### What you need to do:
With the pictures left out, retype exactly the lines below starting at the line that contains "- Other statistics: Distance" and ending at the line that contains "Teresa chose a".

### Source material:

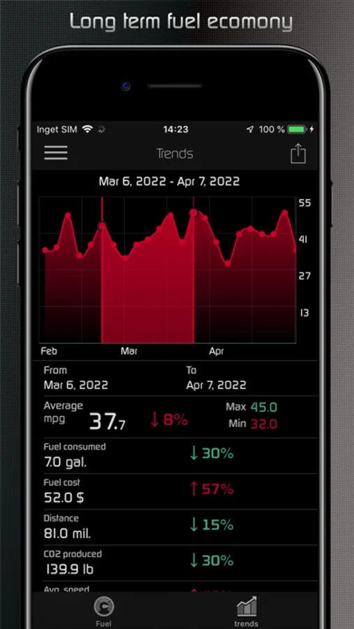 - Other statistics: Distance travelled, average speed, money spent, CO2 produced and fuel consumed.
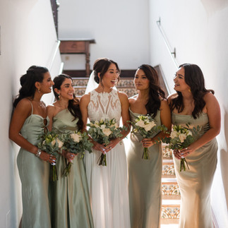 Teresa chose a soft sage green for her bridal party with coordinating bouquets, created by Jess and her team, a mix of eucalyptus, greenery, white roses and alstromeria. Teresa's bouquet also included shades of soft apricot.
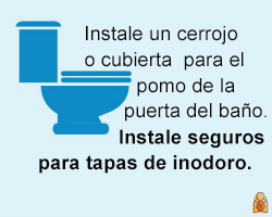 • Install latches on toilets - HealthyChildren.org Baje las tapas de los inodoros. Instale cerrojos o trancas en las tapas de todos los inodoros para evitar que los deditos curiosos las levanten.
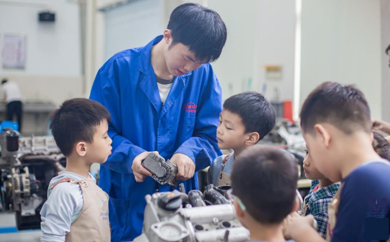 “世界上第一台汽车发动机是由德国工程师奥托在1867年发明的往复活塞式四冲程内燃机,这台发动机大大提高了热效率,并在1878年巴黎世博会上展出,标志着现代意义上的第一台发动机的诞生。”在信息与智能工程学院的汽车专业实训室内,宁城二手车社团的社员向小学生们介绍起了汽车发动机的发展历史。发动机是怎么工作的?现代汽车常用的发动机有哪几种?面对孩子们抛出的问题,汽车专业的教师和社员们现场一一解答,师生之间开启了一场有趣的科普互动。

...

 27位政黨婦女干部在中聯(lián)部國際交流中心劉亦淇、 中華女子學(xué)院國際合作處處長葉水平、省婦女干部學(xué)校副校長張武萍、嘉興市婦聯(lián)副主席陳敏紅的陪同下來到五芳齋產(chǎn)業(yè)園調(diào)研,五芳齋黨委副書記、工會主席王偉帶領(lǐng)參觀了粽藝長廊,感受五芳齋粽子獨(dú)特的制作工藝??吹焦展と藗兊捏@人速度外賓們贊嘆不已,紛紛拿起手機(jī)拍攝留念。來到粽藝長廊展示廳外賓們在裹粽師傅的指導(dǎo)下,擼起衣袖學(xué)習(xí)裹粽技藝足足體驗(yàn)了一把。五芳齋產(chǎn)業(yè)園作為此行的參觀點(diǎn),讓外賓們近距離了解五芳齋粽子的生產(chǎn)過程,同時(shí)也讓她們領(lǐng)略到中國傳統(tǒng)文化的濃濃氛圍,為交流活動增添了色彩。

---

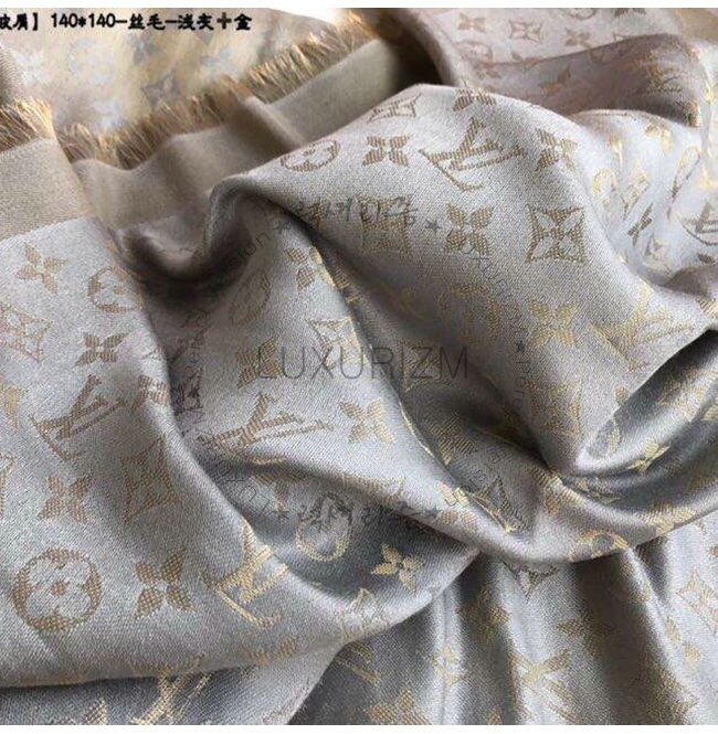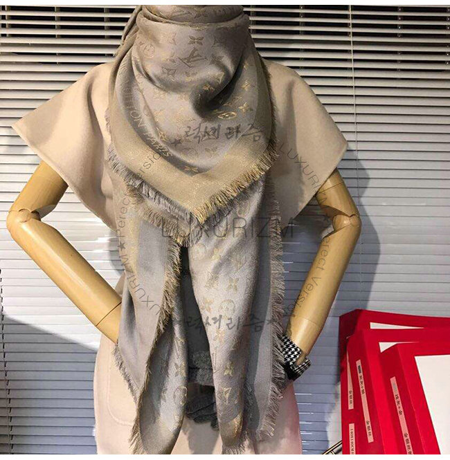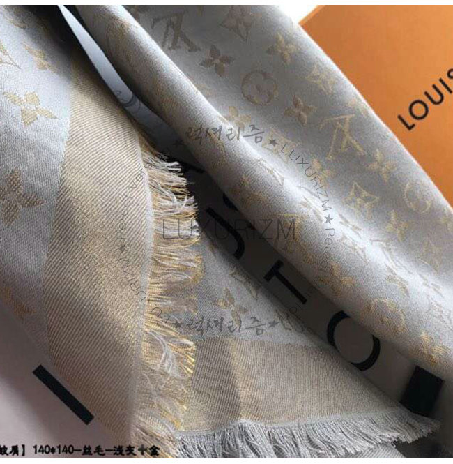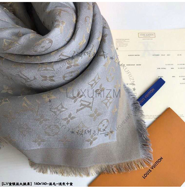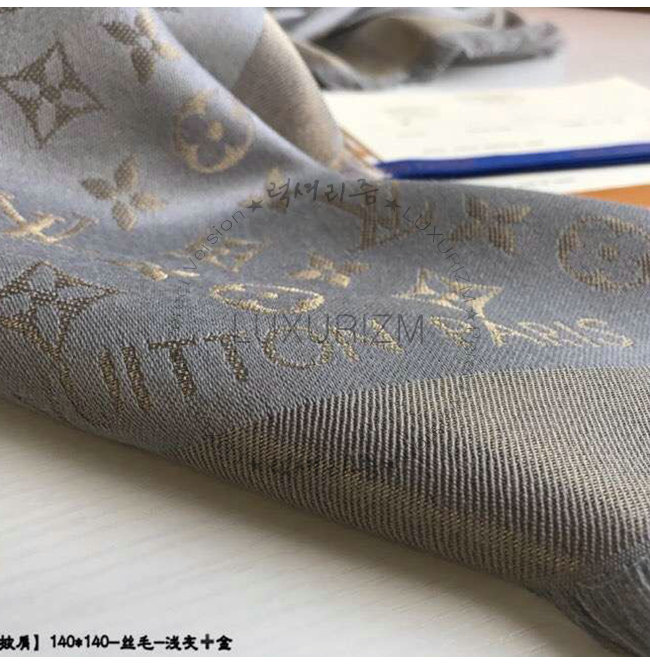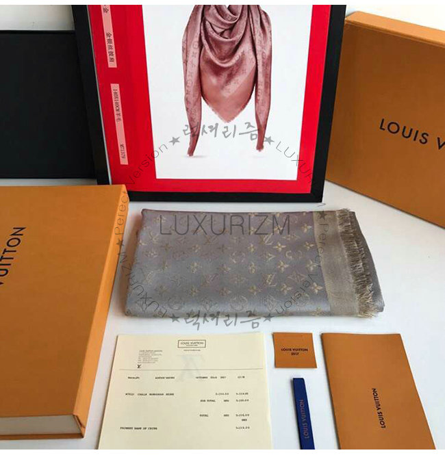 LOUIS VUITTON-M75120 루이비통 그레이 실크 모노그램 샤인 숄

### Response area:
 - Other statistics: Distance travelled, average speed, money spent, CO2 produced and fuel consumed.
 Teresa chose a soft sage green for her bridal party with coordinating bouquets, created by Jess and her team, a mix of eucalyptus, greenery, white roses and alstromeria. Teresa's bouquet also included shades of soft apricot.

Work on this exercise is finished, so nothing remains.